Today new automotive engine design is optimized in terms of mass. However, in terms of structural stiffness, optimizations mainly consider eigenfrequency criteria. But in assembly components with very low stiffness, cumulated microslip phenomena can occur when the structures are subject to cyclic loadings. In time and after a large number of cycles, macro-displacements can be observed between assembly components and then assembly failures will occur. Bush, plain bearing, roller bearing in conrod or in gearbox can be subject to this kind of problem.

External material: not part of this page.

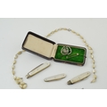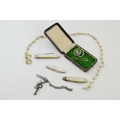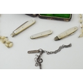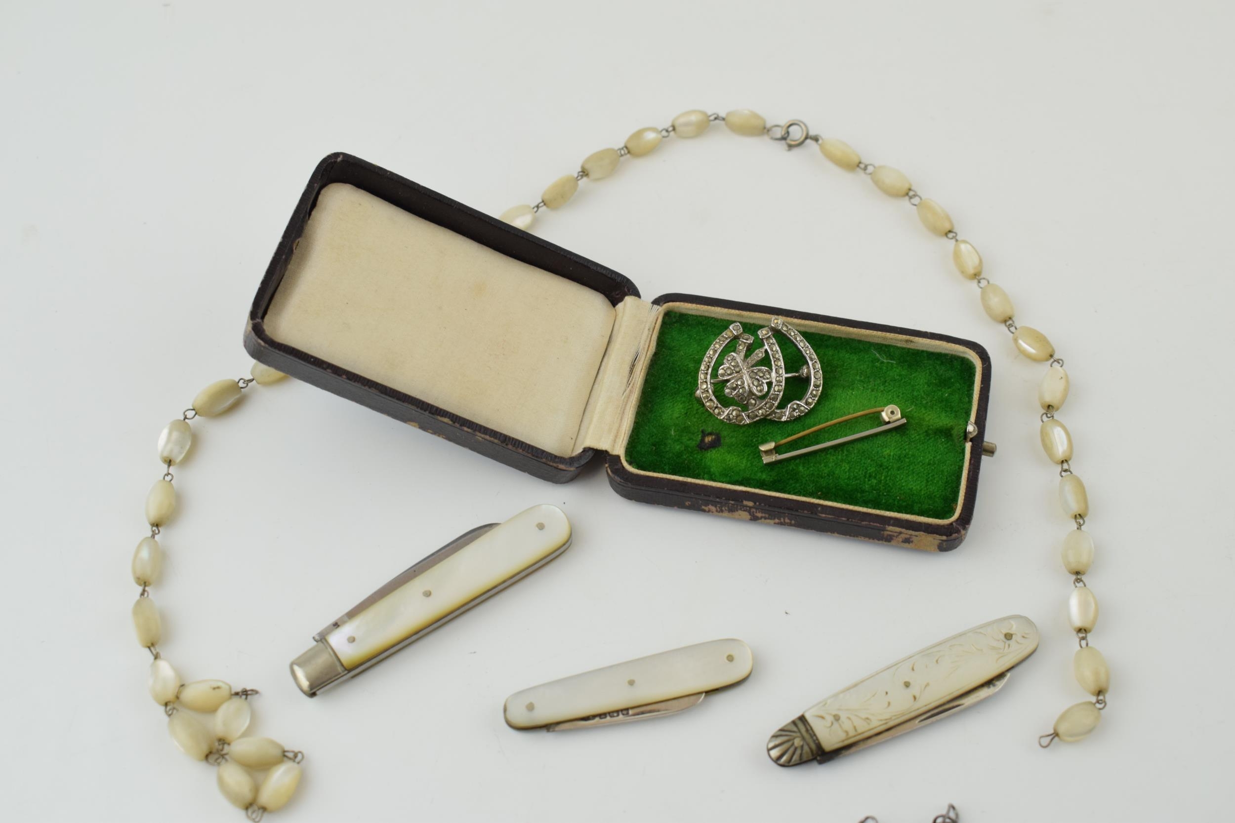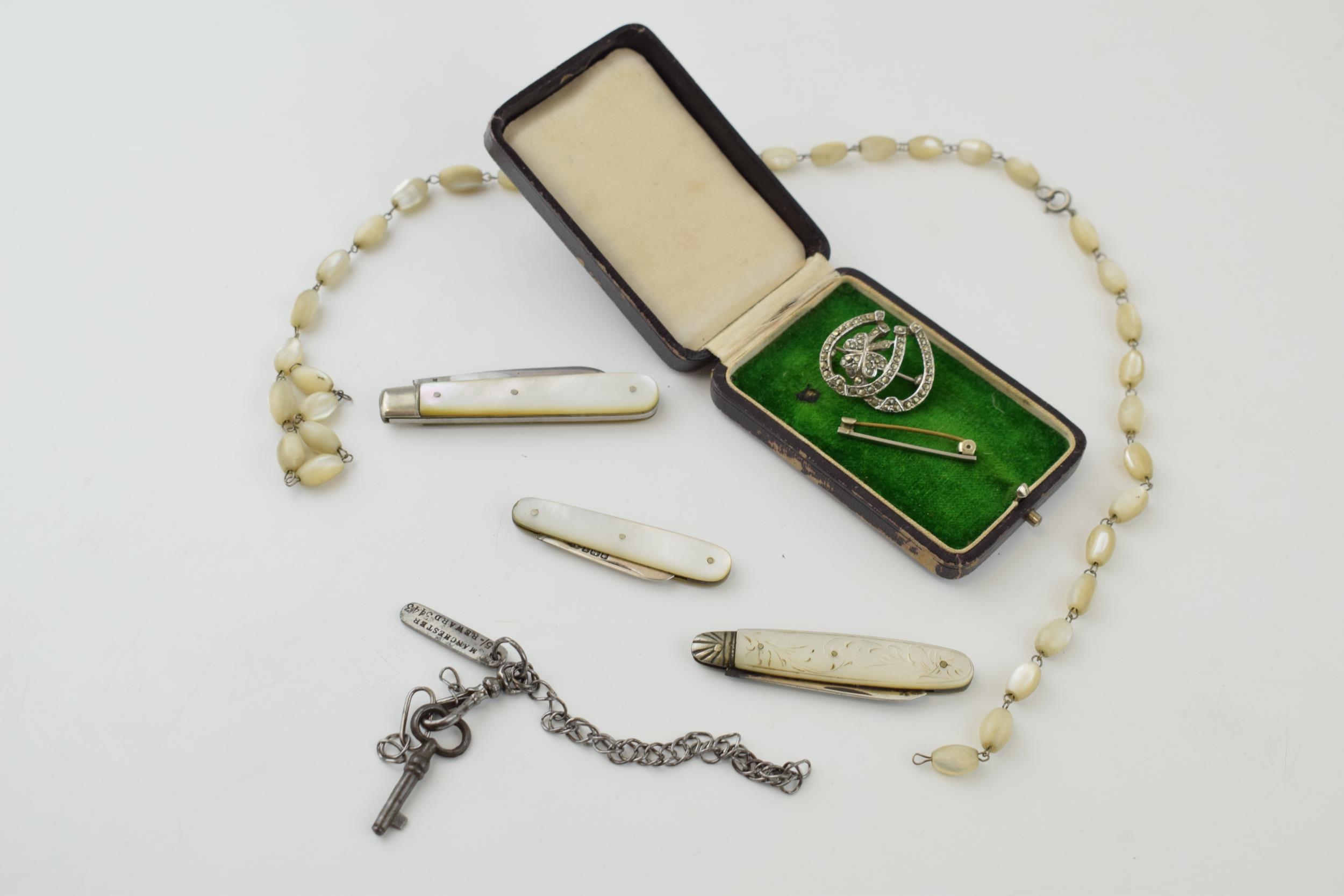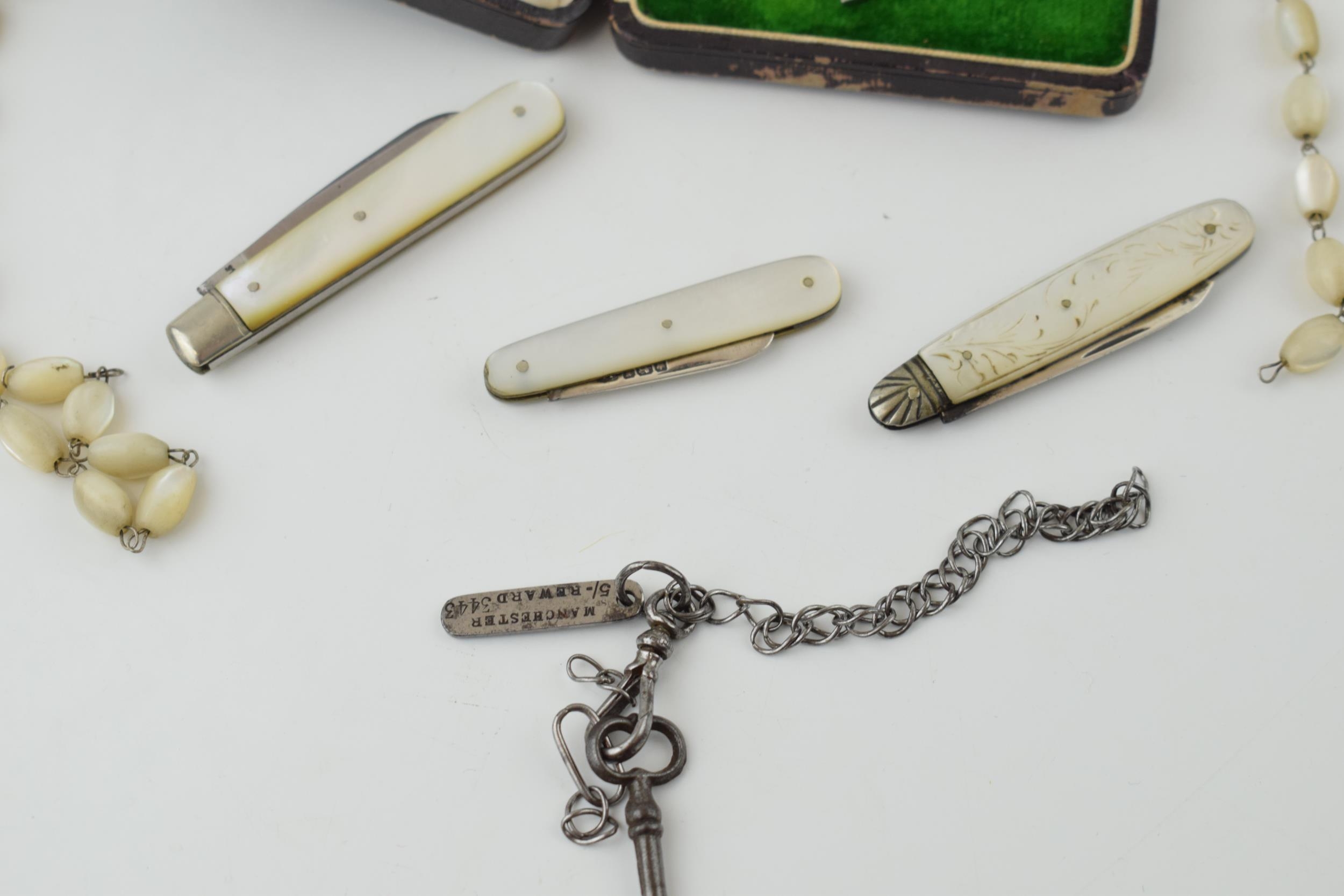 Two silver fruit knives and a stainless steel fruit knife with mother of pearl handles. Two pieces of costume jewellery a/f and white metal bar brooch and gun-metal chain with key, lobster claw clasp and reward tag 'Manchester 5/- 3443 Wood & Son', together with an antique jewellery box. (Qty)

In this paper, after a short description of various mechanisms which can cause microreptation phenomena, two types of cumulated microslip occurring in the engine and the gearbox are presented. Behavior specificities will be highlighted to remind how unusual cumulated microslips are. Based on field data, it appears that the probability of both phenomena occurring is extremely low. This implies that it is not appropriate to use devices concerned by this problem in order to reproduce and to investigate the phenomenon. Moreover, to assess the phenomenon sensitivity with respect to certain parameters, it follows that specific test rigs have to be developed. To cope with the problem for gearbox and conrod, two specific test rigs have been designed and finalized. Their schematic description will allow to assess the delicate points of the tests.
Some results obtained on test rigs are detailed and demonstrate that the mechanical behavior of cumulated microslip is quite complex. Friction phenomena in interface assembly appear to be a key characteristic. For example, significant friction variations with respect to time and slip displacement have been observed.